McLaughlin Opinion Provides Valuable Guidance After Final Judgment Rule Sinks Another Maryland Appeal

By: Derek M. Stikeleather | 2.15.19 | Media

A recent foreclosure action in the Court of Special Appeals presented Judge Arthur with the opportunity to cleanly explain one of the more maddening—and anxiety-producing—rules of appellate practice, the Final Judgment Rule. See McLaughlin v. Ward, No. 1827, September Term 2017 (Jan. 30, 2019). The rule begins with a simple premise: one cannot appeal a trial court’s ruling until the court has entered a final judgment that resolves every claim in the case. See Md. Code Ann., Cts. & Jud. Proc. § 12-301. Yet, the rule has exceptions. And it is those exceptions that bedevil practitioners (and courts) as they grapple with proper application of the rule and try to avoid noting an appeal too early or—even worse—too late.

The rule is crucial to appellate practice because the Court of Special Appeals obtains jurisdiction only when a party files a timely notice of appeal after a final judgment or as otherwise provided by law. As a court of limited jurisdiction, it must dismiss appeals where jurisdiction is lacking.

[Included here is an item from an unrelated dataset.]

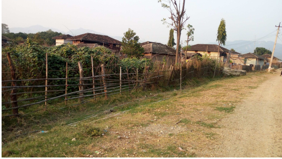
चित्र नं. १० चारघरेमा अवस्थित घरको बनावट

First, Judge Arthur recited the three attributes that ordinarily comprise a final judgment. It must:
  1. Be intended by the court as an unqualified, final disposition of the matter in controversy;
  2. Adjudicate all claims against all parties—unless the court directs the entry of final judgment, under Rule 2-602(b), for less than all of the claims or all of the parties; and
  3. Be recorded in accordance with Rule 2-601.
Second, Judge Arthur identified the three exceptions to the final-judgment requirement:
  1. Appeals from interlocutory orders specifically allowed by statute;
  2. Immediate appeals permitted under Maryland Rule 2-602; and
  3. Appeals from interlocutory rulings allowed under the common-law collateral-order doctrine.

The statutory exceptions provide for appeals from certain interlocutory orders that would likely foreclose or irreparably damage an appellant’s rights if the appeal had to wait until the court entered a final judgment. See Md. Code Ann., Cts. & Jud. Proc. § 12-301. Examples include certain orders involving injunctions, child-custody and guardianship rulings, arbitrations, and statutory immunity. See id.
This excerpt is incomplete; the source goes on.